Assignment:
Output the lines of the records exactly, from the first through the one containing "ÖFENSÉGEIK TOMISZLÁV ÉS". Omit all pictures.

Records for processing:
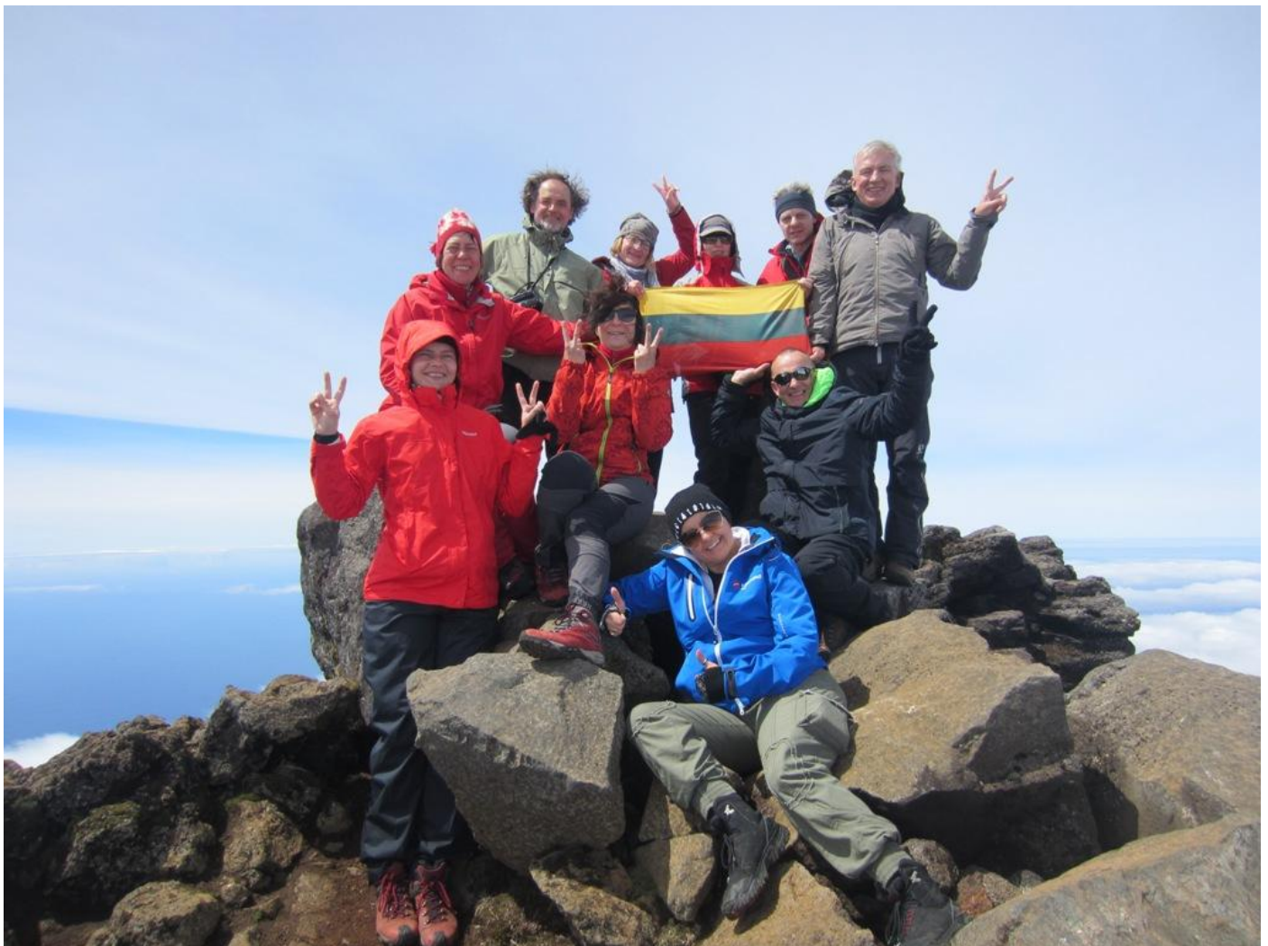
Lietuvos trispalvė Piku (Pico) 2351 m viršūnėje. 2016 m. balandžio 26 dieną, 11:00. (foto 9 -11)
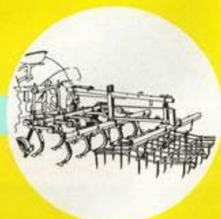
9-zinkiger Grubber, kombiniert mit Ackeregge; auch mit Krümelegege möglich.
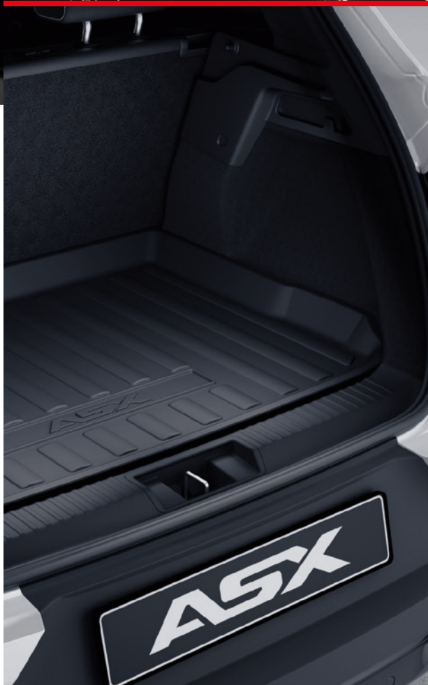
▲ Laderaumwanne MZ315372
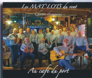
Au café du port - 2012
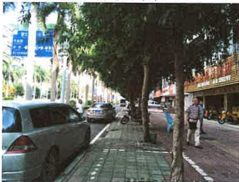
估价对象临路状况
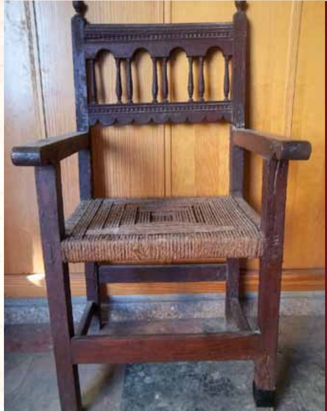
Cadira de repòs trobada a Quart de Poblet.

Hem trobat peces com aquesta en diferents llocs com el Museu de Lluçena del Cid a Castelló, la Masía de las Estrellas de Catarroja, que en tenen dos i també al Museu Comarcal de Torrent, on també hi ha de dos classes. Però cap d'elles té la categoria i singularitat de la que s'ha trobat al contenidor de Quart. Aquesta situació ens arrossega a reflexionar sobre els materials que llancem, sobre la consideració que en tenim del nostre patrimoni més domèstic i obri de nou el debat sobre la necessitat de trobar un
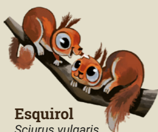
Esquirol Sciurus vulgaris
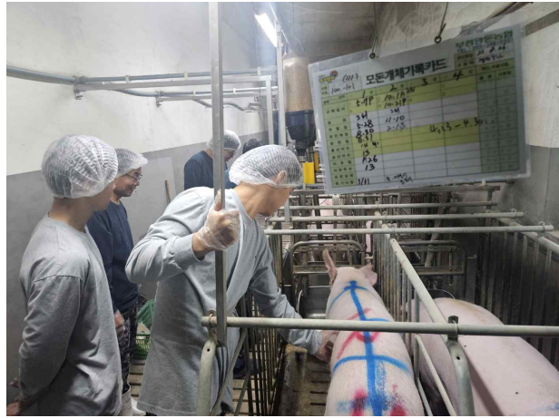
스마트양돈사양 전문과정 6기 실습
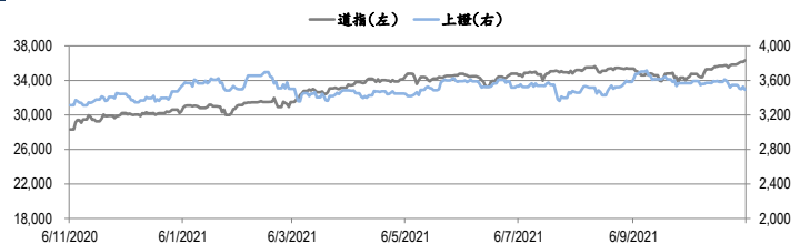
圖一：道瓊工業平均指數及上證綜合指數的一年期變化
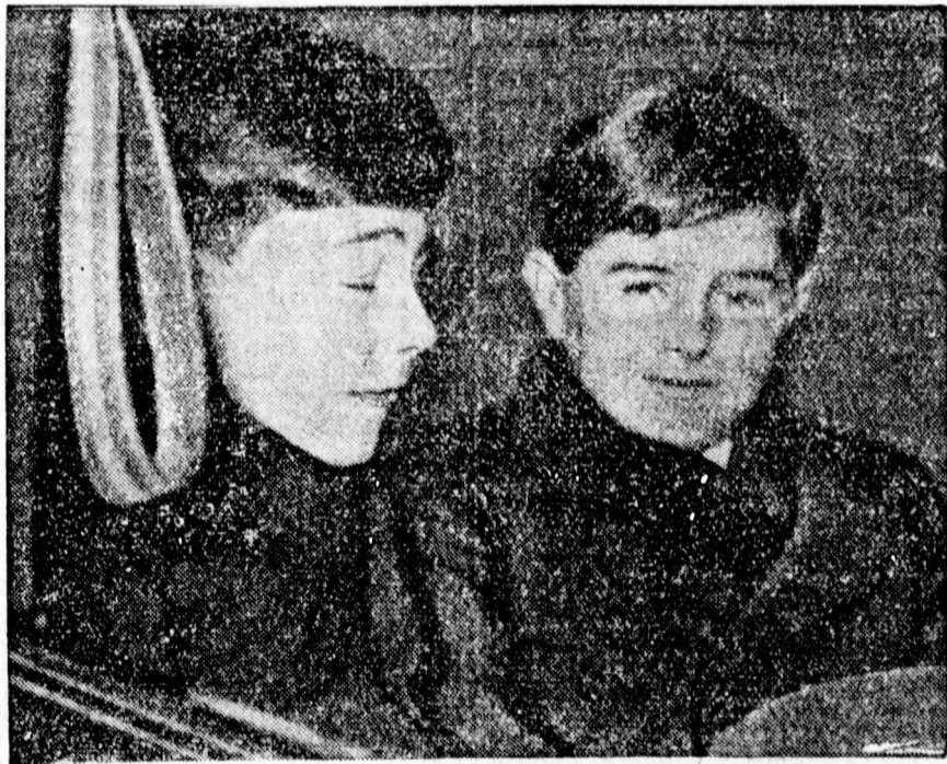
ÖFENSÉGEIK TOMISZLÁV ÉS ANDREJ HERCEGEK ANGLIÁBAN, AHOL TANULMÁNYAUKAT FOLYTATJÁK. Öfenségeik a napokban jöttek Londonba Öfelsége Mária királyné kíséretében. A két herceg Nikola herceggel Öfensége Pavle régensherceg fiával a Surryben együtt a Sandroyd iskola növendékei lesznek.

Isztambulból jelentik: Dzsela Bajar török miniszterelnök a török és külföldi sajtó képviselői előtt kijelentette, hogy Törökországban sem zsidó-, sem más kisebbségi kérdés nem volt és nem is lesz. Kemal Ataturk Törökországának minden polgára egyenlő jogokat élvez és egyformák a kötelességei is. Mint ahogy a kemalizmus nem kivételi cikk — mondotta —, ugyanúgy nem akarjuk más államok politikai rendszereit sem utánozni. Törökország nem lesz más államok vagy államcsoportok uszályhordozója. Törökországnak a többi államhoz való viszonya kielégítő, a Balkán-szövetséghez pedig szívélyes kapcsolatok fűzik.
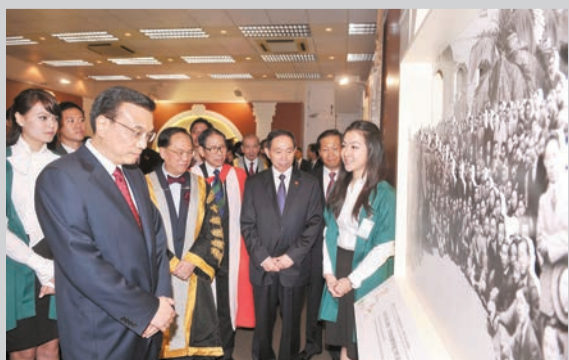
李克強參觀香港大學百年展。
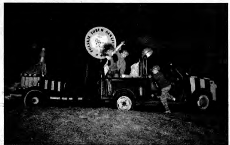
Forteczny pojazd bojowy zarówno w dzień, jak i w nocy bardzo interesował najmłodszych uczestników manewrów.

ŁĘTOWNIA: Fort VIII. Co tam się nie działo!
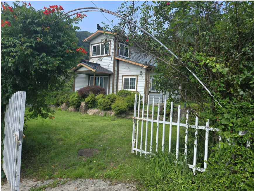
본건 전경사진, 본건 근접 촬영
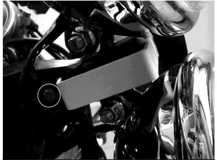
Position de la vis de fixation de la patte
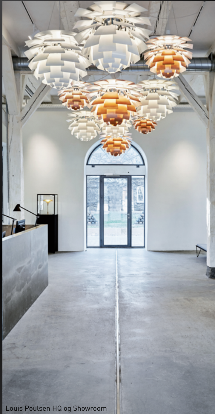
Louis Poulsen HQ og Showroom

Answer:
Lietuvos trispalvė Piku (Pico) 2351 m viršūnėje. 2016 m. balandžio 26 dieną, 11:00. (foto 9 -11)
9-zinkiger Grubber, kombiniert mit Ackeregge; auch mit Krümelegege möglich.
▲ Laderaumwanne MZ315372
Au café du port - 2012
估价对象临路状况
Cadira de repòs trobada a Quart de Poblet.

Hem trobat peces com aquesta en diferents llocs com el Museu de Lluçena del Cid a Castelló, la Masía de las Estrellas de Catarroja, que en tenen dos i també al Museu Comarcal de Torrent, on també hi ha de dos classes. Però cap d'elles té la categoria i singularitat de la que s'ha trobat al contenidor de Quart. Aquesta situació ens arrossega a reflexionar sobre els materials que llancem, sobre la consideració que en tenim del nostre patrimoni més domèstic i obri de nou el debat sobre la necessitat de trobar un
Esquirol Sciurus vulgaris
스마트양돈사양 전문과정 6기 실습
圖一：道瓊工業平均指數及上證綜合指數的一年期變化
ÖFENSÉGEIK TOMISZLÁV ÉS ANDREJ HERCEGEK ANGLIÁBAN, AHOL TANULMÁNYAUKAT FOLYTATJÁK. Öfenségeik a napokban jöttek Londonba Öfelsége Mária királyné kíséretében. A két herceg Nikola herceggel Öfensége Pavle régensherceg fiával a Surryben együtt a Sandroyd iskola növendékei lesznek.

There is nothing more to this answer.